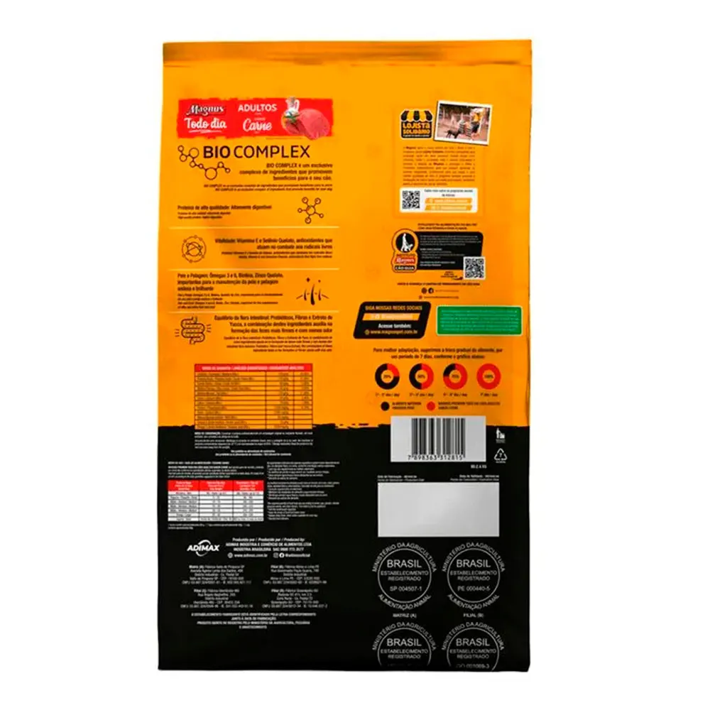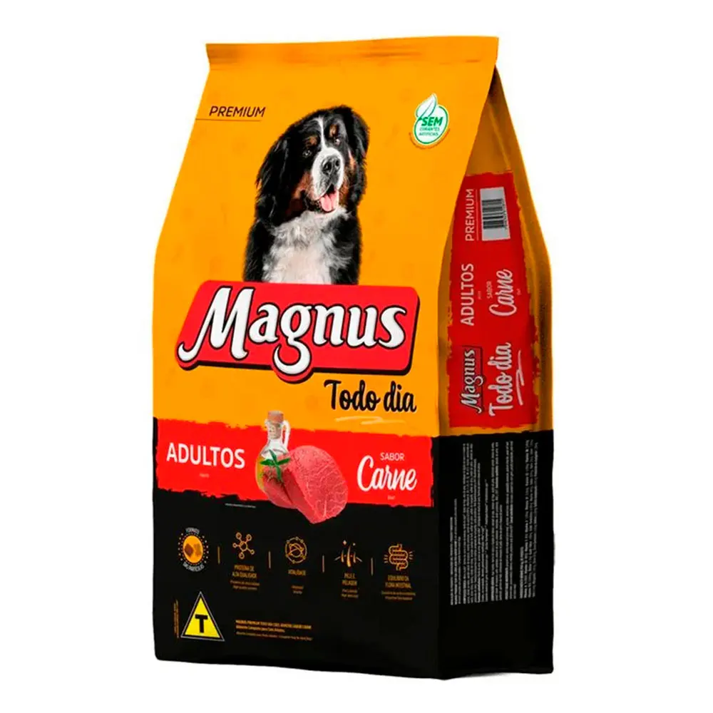 A Ração Seca Magnus Every Day Carne para Cães Adultos contém ingredientes que fornecem um alimento com todos os nutrientes essenciais e importantes para a qualidade de vida do seu cão. Formulada com precisão para atender às exigências de pets adultos, acima de 12 meses, de qualquer raça, em fase de manutenção.
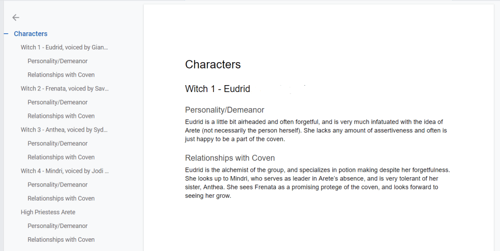 The pandemic made it difficult to record everything we needed, and time did make us cut our introductory scene, but it lives on in my documentation for future development:
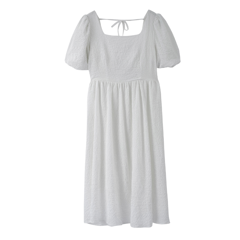 Ai Qiangwei square collar pleated dress with puff sleeves women's backless pink long skirt boudoir honey dress 2022 summer skirt
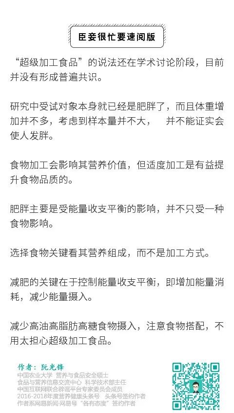 总的来说,还不能得出“吃加工食品就会使人肥胖”的结论。
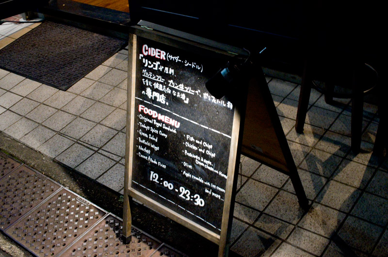 Inspired by his experiences when living in England, owner Mitsuru Takeda opened Cidernaut with the aim of introducing the joys of craft cider to Tokyo. The bar's twelve taps dispense around eight or nine different ciders at a time, with the remainder devoted to craft beer. Ciders are a mix of US and British imports with a few domestic brands, covering a range of styles.
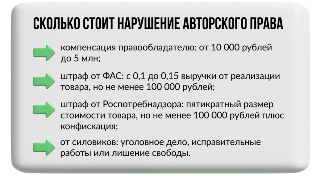У каждого героя мультфильма/кинофильма и у самого мультфильма/кинофильма есть правообладатель, с которым необходимо согласовывать условия использования персонажа. Даже если мультик был снят при коммунизме  в СССР. В 2020 году «Союзмультфильм» получил исключительную лицензию на золотую коллекцию советской анимации. С тех пор компания судится с предпринимателями, в основном с малым бизнесом и ИП. По закону, компенсация правообладателю может доходить до 5 млн рублей. Но судьи все-таки применяют здравый смысл и редко назначают большие выплаты. Сколько и не требуют: чаще речь идет о 100 000, может 150 000 рублей, что тоже весьма неприятно.
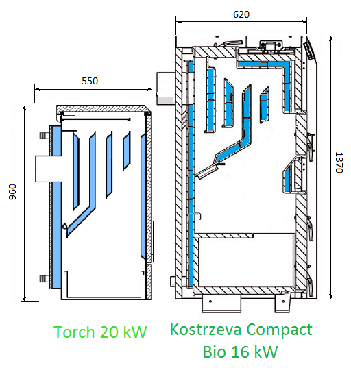 Котелът е Kostrzewa Compakt Bio с ламбда контрол Съпоставяме двата котела визуално и по размери На височина Торч е видимо по-малък. Широчината на Торч също е по-малка от Kostrzewa с 25%. Торч е широк 40 см. Kostrzewa 51 см.
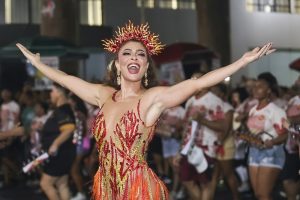 Juliana Paes brilha em ensaio de rua da Viradouro com simpatia
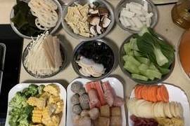 用料:蝦、雞翅、肥牛卷、香腸或午餐肉、土豆、藕、萵筍、玉米、西蘭花、油菜、香菜、金針菇、木耳、香菇、魚丸、蟹棒、牛肉丸、腐竹、年糕、寬粉、蔥薑蒜適量、幹辣椒花椒適量、鹽雞精適量、麻辣香鍋調料或者火鍋底料1包。做法:1.配菜完全根據自己的喜好,自己喜歡什麼就可以加什麼。藕片,土豆片別切太厚,不容易熟。
....
Only the lines from the one containing "Juliana Paes brilha" through the last line of the entries above belong in the copy; reproduce them exactly and drop every picture.

**OUTPUT FOR THIS EXERCISE:**
 Juliana Paes brilha em ensaio de rua da Viradouro com simpatia
 用料:蝦、雞翅、肥牛卷、香腸或午餐肉、土豆、藕、萵筍、玉米、西蘭花、油菜、香菜、金針菇、木耳、香菇、魚丸、蟹棒、牛肉丸、腐竹、年糕、寬粉、蔥薑蒜適量、幹辣椒花椒適量、鹽雞精適量、麻辣香鍋調料或者火鍋底料1包。做法:1.配菜完全根據自己的喜好,自己喜歡什麼就可以加什麼。藕片,土豆片別切太厚,不容易熟。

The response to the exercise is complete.